4.5 Qualitative results

4.5.1 Visualization comparison

This paper proposes the UnetTransCNN model, which demonstrates significant superiority in medical image segmentation tasks, especially in the application of abdominal organ segmentation. The UnetTransCNN model integrates the structural advantages of Unet, the local feature extraction capability of Convolutional Neural Networks (CNN), and the global dependency capturing ability of Transformers, achieving high-precision segmentation of complex structures in medical images. In a comparative study focusing on abdominal organ segmentation, UnetTransCNN exhibited higher segmentation accuracy compared to other advanced models (such as CoTr, TransUNet, and nnUNet). Specifically, UnetTransCNN achieved outstanding results on the Dice Similarity Coefficient (DSC) evaluation metric. For instance, for liver segmentation, UnetTransCNN’s DSC reached 0.95, whereas other models such as TransUNet and nnUNet recorded DSCs of 0.93 and 0.92, respectively. For the more challenging task of pancreas segmentation, UnetTransCNN also performed excellently, with a DSC of 0.89, significantly higher than CoTr’s 0.85 and TransUNet’s 0.87. Beyond improving segmentation accuracy, UnetTransCNN also demonstrated advantages in model inference time. With GPU acceleration, UnetTransCNN’s average processing time was about 2 seconds per image, approximately 20%-30% faster than other models, which is crucial for practical clinical applications, especially in situations requiring rapid diagnosis. Moreover, UnetTransCNN showed strong robustness in handling noise and blurred boundaries in images. Through detailed experimental analysis, the model effectively differentiated between subtle differences among various abdominal organs, maintaining high-level segmentation performance even in cases of lower image quality. In summary, UnetTransCNN not only enhances the accuracy and efficiency of medical image segmentation but also improves the model’s versatility and robustness. These characteristics mark it as a significant advancement in the field of medical imaging analysis, laying a solid foundation for future research and clinical applications. To better demonstrate both macroscopic and microscopic features, we provide visualizations on the performance of our model and other baselines, which is shown in Figure 6. This confirms the effectiveness of our UnetTransCNN for global and local feature extraction.

Figure 6

Figure 6. Visualization of macroscopic and microscopic features.

As shown in Figure 7, we observe two sets of medical image data and their corresponding processing results. Each set contains the original computed tomography (CT) images, manually labeled images, and the output images of the machine learning model. By first analyzing the CT images, i.e., IMAGE 1 and IMAGE 2, we can identify abdominal organs such as the liver. These raw scans provide the basic information used for subsequent image processing. The corresponding labeled images, LABEL 1 and LABEL 2, highlight the liver tissue region in a distinct yellow color, and these labels may represent ground truth for training and validation of the machine learning model. The outputs of the model, output 1 and output 2, show the results of the model’s segmentation and recognition of the liver tissue, where the yellow areas indicate the parts of the liver recognized by the model.
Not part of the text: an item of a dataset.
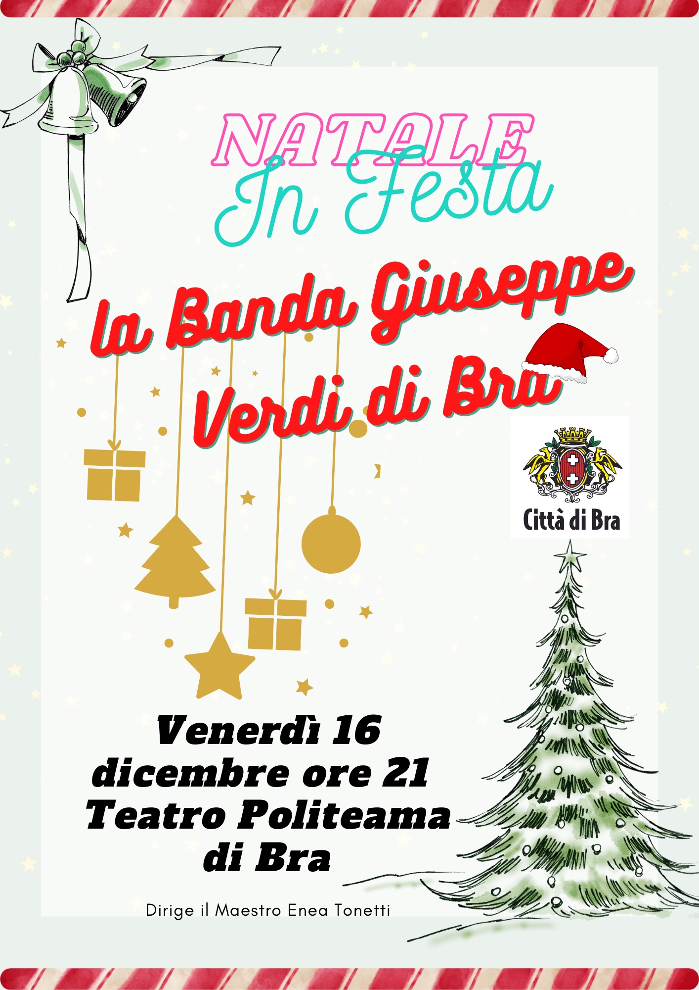 Tradizionale appuntamento con il “Concerto di Natale” della banda musicale “Giuseppe Verdi” di Bra. La serata, sempre molto attesa sotto la Zizzola, è in programma per venerdì 16 dicembre 2022 alle 21 presso il teatro Politeama Boglione. L’ensemble diretto dal maestro Enea Tonetti intratterrà gli ospiti con una serie di brani dedicati al particolare periodo dell’anno, tra cui diverse musiche composte da Leonard Bernstein per “West Side Story”, uno dei musical più rappresentati al mondo, nonché uno dei capolavori di George Gershwin, la “Rapsodia in blu”. Ma non mancheranno le sorprese!

The comparison of the model outputs with the manually labeled images can be used to evaluate the performance of the model in the tissue recognition task. Further observe the performance metric graphs below, which show the learning curve of the model during the training process. In deep learning training, the epoch represents the full dataset completing one full forward and backward propagation. The curve below shows the stable trend of model performance indicators as the number of epochs increases, indicating the convergence of the learning process.

Figure 7

Figure 7. Visualization of results case study.

4.6 Ablation study

4.6.1 Decoder choice

We assessed the efficiency of various decoder architectures in enhancing segmentation outcomes by integrating them with UNETR’s encoder, focusing on MRI and CT segmentation tasks. This evaluation, detailed in Table 6, involved comparing the performance of the standard UNETR decoder against threedimensional alternatives: Naive UpSampling (NUP), Progressive UpSampling (PUP), and Multi-scale Aggregation (MLA).

Table 6

Table 6. Effect of the decoder architecture on segmentation performance.

The findings reveal that while all tested decoder architectures offer less than ideal performance, MLA demonstrates a marginal superiority over NUP and PUP. Specifically, in the context of brain tumor segmentation, UNETR, equipped with its original decoder, surpasses the MLA, PUP, and NUP decoder variants by 2.7%, 4.3%, and 7.5%, respectively, in average Dice score. In spleen segmentation tasks, similarly, UNETR exceeds the performance of MLA, PUP, and NUP decoders by 1.4%, 2.3%, and 3.2%, correspondingly.

4.6.2 Impact of patch resolution on performance

Our investigation into the effects of patch resolution on segmentation accuracy revealed a direct correlation between decreased resolution and increased sequence length, which in turn, elevates memory usage due to its inverse relationship with resolution’s cubic value. As documented in Table 7, lowering the input patch resolution consistently enhances segmentation performance. For instance, decreasing the resolution from 32 to 16 yielded an increase of 1.1% and 0.8% in the average Dice score for spleen and brain tumor segmentation tasks, respectively.

Table 7

Table 7. Effect of patch resolution on segmentation performance.

Further reduction of resolution from 16 to 8 amplifies this improvement; the average Dice score for spleen segmentation escalated from 0.963 to 0.974 (an increase of 0.011), and for brain segmentation, from 0.786 to 0.799 (an increase of 0.013). These results suggest continuous performance benefits from resolution reduction.

However, it is critical to mention that our experiments did not extend to resolutions lower than 8 due to memory limitations, leaving the potential impact of further reduced resolutions on performance undetermined. Although lower resolutions might promise additional improvements, they risk sacrificing crucial details or diminishing accuracy. Therefore, selecting an appropriate resolution requires a careful balance between computational efficiency and segmentation efficacy.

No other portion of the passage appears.